** DATA PROVIDED follows **
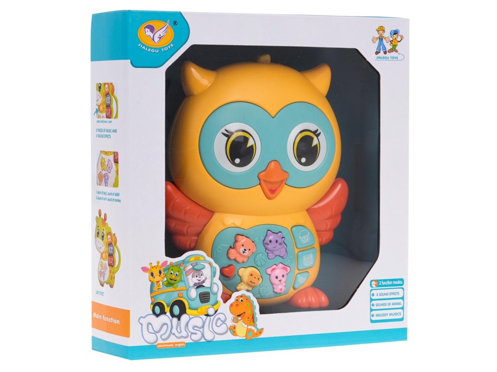 - intended for children from 6 months of age, - made of the best quality plastic in vivid colors, - safe, no sharp edges, - resistant to falls, - lighting effects: illuminated owl wings, - sound effects: * animal sounds mode: dog, cat, monkey, sheep, tiger, elephant, * mode with sounds: melodies, Do-Re-Mi sounds. |
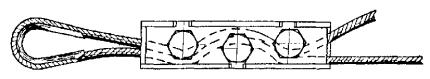 Рис. 1. Крепление незащищенных проводов к несущим полосам, струнам и тросу монтажной лентой
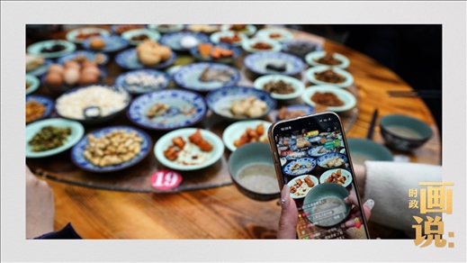 △游客用鏡頭記錄下豐盛的擂茶“壓桌菜”。2009年,擂茶習俗列入第三批“湖南省非物質文化遺產(chǎn)代表性項目名錄”。
** End of DATA PROVIDED **
YOUR GOAL: Write out the material above without changing a word, and skip any picture.

ANSWER BELOW:
 - intended for children from 6 months of age, - made of the best quality plastic in vivid colors, - safe, no sharp edges, - resistant to falls, - lighting effects: illuminated owl wings, - sound effects: * animal sounds mode: dog, cat, monkey, sheep, tiger, elephant, * mode with sounds: melodies, Do-Re-Mi sounds. |
 Рис. 1. Крепление незащищенных проводов к несущим полосам, струнам и тросу монтажной лентой
 △游客用鏡頭記錄下豐盛的擂茶“壓桌菜”。2009年,擂茶習俗列入第三批“湖南省非物質文化遺產(chǎn)代表性項目名錄”。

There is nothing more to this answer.